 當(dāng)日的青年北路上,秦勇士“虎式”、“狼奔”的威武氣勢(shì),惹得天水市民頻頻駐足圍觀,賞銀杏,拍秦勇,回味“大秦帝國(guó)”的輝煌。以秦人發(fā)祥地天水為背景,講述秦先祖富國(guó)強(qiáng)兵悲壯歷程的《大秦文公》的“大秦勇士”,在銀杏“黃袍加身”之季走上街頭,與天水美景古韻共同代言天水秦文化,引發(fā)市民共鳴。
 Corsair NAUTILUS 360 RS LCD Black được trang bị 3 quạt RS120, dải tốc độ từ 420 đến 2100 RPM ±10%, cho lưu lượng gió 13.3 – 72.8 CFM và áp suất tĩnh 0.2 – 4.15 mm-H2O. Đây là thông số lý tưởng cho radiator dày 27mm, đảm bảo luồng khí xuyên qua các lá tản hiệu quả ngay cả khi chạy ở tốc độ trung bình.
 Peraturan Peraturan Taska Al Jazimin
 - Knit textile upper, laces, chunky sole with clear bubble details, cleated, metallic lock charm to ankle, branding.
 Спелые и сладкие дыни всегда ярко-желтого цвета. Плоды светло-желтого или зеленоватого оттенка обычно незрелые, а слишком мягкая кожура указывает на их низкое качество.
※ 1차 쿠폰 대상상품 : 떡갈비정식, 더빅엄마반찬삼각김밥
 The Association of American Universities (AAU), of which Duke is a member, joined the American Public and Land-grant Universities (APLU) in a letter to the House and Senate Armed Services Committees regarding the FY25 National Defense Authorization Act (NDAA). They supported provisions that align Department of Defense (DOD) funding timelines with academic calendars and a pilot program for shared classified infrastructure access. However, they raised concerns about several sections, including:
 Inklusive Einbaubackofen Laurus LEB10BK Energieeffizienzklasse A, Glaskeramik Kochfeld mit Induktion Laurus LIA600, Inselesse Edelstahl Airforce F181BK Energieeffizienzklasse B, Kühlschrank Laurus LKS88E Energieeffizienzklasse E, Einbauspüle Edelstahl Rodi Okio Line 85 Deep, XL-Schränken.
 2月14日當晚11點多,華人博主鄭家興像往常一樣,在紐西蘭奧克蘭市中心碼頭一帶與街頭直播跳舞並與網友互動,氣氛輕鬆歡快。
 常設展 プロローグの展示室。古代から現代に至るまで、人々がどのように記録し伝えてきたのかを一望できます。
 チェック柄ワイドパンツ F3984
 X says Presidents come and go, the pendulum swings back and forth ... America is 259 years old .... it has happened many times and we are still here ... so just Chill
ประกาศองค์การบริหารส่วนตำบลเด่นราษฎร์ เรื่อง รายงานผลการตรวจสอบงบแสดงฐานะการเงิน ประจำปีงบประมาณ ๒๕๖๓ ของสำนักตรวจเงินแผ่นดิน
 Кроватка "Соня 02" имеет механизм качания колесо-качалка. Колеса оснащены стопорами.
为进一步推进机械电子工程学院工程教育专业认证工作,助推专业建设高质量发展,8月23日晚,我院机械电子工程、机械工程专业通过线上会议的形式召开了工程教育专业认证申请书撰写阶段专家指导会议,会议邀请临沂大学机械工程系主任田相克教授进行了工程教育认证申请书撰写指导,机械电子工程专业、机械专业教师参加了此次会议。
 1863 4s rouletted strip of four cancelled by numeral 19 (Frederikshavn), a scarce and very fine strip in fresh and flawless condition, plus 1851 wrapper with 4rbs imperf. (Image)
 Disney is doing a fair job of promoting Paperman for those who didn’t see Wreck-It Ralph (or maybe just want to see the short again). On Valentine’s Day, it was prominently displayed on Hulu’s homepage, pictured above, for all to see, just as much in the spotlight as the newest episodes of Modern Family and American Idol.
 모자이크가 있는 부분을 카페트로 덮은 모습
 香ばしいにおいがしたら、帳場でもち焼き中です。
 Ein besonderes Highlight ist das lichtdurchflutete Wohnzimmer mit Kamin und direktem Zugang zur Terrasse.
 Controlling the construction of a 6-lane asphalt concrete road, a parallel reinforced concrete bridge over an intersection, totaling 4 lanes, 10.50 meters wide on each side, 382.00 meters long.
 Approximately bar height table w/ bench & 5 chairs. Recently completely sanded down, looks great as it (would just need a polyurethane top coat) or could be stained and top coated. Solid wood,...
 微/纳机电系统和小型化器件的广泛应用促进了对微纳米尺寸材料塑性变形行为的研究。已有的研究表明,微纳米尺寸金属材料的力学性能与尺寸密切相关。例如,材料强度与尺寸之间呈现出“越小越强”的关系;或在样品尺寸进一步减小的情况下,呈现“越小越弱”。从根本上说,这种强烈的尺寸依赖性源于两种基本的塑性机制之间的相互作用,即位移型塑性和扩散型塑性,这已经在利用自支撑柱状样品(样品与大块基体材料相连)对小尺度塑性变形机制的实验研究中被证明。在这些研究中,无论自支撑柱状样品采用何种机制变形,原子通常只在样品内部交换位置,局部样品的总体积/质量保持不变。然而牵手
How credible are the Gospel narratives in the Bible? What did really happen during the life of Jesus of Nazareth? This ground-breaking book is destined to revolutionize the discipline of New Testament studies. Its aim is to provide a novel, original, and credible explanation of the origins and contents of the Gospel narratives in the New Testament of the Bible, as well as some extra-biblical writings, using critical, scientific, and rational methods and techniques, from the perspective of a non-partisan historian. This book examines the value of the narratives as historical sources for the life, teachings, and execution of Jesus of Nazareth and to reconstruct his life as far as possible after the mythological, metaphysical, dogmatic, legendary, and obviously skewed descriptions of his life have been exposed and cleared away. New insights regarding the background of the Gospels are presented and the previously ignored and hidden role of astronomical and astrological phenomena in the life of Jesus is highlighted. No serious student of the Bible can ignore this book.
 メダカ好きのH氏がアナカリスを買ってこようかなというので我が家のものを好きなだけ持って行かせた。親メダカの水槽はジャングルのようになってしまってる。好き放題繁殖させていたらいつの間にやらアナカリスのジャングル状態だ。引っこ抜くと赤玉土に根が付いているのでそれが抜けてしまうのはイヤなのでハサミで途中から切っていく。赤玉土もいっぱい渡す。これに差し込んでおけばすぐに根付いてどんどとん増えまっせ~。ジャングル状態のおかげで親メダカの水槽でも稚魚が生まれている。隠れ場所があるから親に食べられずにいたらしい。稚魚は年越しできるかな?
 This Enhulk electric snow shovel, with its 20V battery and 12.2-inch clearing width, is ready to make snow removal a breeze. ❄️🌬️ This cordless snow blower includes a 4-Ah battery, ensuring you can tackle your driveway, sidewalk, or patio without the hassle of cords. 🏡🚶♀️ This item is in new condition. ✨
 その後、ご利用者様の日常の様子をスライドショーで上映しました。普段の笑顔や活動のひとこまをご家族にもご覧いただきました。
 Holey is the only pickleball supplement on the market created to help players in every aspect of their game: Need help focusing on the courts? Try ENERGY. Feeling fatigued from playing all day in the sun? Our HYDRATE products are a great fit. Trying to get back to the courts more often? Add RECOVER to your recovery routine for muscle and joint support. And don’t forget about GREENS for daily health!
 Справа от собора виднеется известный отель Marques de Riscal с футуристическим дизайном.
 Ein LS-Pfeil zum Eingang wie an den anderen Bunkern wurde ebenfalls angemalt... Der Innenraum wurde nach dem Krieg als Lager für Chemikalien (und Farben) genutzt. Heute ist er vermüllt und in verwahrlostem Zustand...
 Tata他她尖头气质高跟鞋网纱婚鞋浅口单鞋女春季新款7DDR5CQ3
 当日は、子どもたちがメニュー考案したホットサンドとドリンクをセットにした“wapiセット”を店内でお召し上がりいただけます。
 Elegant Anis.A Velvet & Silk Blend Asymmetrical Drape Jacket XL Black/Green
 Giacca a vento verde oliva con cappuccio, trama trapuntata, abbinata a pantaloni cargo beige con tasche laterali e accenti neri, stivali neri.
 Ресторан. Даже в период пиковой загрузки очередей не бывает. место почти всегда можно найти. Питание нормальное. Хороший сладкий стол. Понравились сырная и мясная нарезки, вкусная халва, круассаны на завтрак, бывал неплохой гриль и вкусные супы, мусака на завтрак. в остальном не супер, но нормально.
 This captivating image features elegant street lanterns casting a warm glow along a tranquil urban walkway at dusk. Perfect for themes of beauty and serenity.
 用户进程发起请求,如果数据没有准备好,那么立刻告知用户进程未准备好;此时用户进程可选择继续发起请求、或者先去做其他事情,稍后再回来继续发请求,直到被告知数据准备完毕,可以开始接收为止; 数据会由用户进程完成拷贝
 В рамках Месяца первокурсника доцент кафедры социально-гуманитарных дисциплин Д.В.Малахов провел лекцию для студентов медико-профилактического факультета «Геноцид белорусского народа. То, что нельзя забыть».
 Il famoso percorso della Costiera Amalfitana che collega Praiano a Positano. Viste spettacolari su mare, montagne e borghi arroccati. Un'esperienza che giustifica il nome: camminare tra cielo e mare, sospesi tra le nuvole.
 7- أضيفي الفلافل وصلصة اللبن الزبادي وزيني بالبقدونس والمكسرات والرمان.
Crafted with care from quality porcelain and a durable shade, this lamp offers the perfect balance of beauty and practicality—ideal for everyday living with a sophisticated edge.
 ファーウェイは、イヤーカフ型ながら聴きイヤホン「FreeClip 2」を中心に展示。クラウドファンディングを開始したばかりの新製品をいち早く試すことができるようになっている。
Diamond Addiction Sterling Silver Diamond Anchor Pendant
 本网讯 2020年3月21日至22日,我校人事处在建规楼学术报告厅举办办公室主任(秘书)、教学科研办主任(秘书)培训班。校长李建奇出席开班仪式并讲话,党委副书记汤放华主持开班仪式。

• **Exercise requirements**: Reproduce exactly the final stretch of the listing, starting at the line that contains "Diamond Addiction Sterling" and ending with the last line.

• **Solution for this exercise**:
Diamond Addiction Sterling Silver Diamond Anchor Pendant
 本网讯 2020年3月21日至22日,我校人事处在建规楼学术报告厅举办办公室主任(秘书)、教学科研办主任(秘书)培训班。校长李建奇出席开班仪式并讲话,党委副书记汤放华主持开班仪式。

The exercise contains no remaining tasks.